From the reviews: "Béla Bollobás introductory course on graph theory deserves to be considered as a watershed in the development of this theory as a serious academic subject. ... The book has chapters on electrical networks, flows, connectivity and matchings, extremal problems, colouring, Ramsey theory, random graphs, and graphs and groups. Each chapter starts at a measured and gentle pace. Classical results are proved and new insight is provided, with the examples at the end of each chapter fully supplementing the text... Even so this allows an introduction not only to some of the deeper results but, more vitally, provides outlines of, and firm insights into, their proofs. Thus in an elementary text book, we gain an overall understanding of well-known standard results, and yet at the same time constant hints of, and guidelines into, the higher levels of the subject.
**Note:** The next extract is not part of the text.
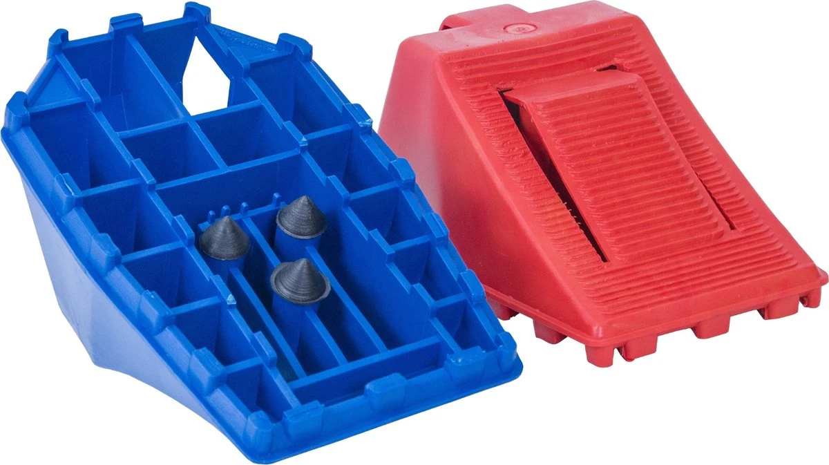 Ze zijn compact en gemakkelijk te bouwen en nemen niet veel plaats in de kofferruimte in, zodat elke chauffeur ze altijd paraat kan hebben. Aan de basis van elke wig bevinden zich speciale intrekbare spikes die de stabiliteit en de veiligheid van het op een steile helling geparkeerde voertuig verbeteren, alsook wanneer het op een krik wordt gehesen. Dankzij hun unieke structuur zijn de sleehakken volledig functioneel in alle weersomstandigheden.

It is this aspect of the book which should guarantee it a permanent place in the literature." #Bulletin of the London Mathematical Society#1
Author : William L. William L. Hamilton Publisher : Springer Nature Page : 141 pages File Size : 41,9 Mb Release : 2022-06-01 Category : Computers ISBN : 9783031015885
Graph Representation Learning by William L. William L. Hamilton Pdf
Graph-structured data is ubiquitous throughout the natural and social sciences, from telecommunication networks to quantum chemistry. Building relational inductive biases into deep learning architectures is crucial for creating systems that can learn, reason, and generalize from this kind of data. Recent years have seen a surge in research on graph representation learning, including techniques for deep graph embeddings, generalizations of convolutional neural networks to graph-structured data, and neural message-passing approaches inspired by belief propagation. These advances in graph representation learning have led to new state-of-the-art results in numerous domains, including chemical synthesis, 3D vision, recommender systems, question answering, and social network analysis. This book provides a synthesis and overview of graph representation learning. It begins with a discussion of the goals of graph representation learning as well as key methodological foundations in graph theory and network analysis. Following this, the book introduces and reviews methods for learning node embeddings, including random-walk-based methods and applications to knowledge graphs. It then provides a technical synthesis and introduction to the highly successful graph neural network (GNN) formalism, which has become a dominant and fast-growing paradigm for deep learning with graph data. The book concludes with a synthesis of recent advancements in deep generative models for graphs—a nascent but quickly growing subset of graph representation learning.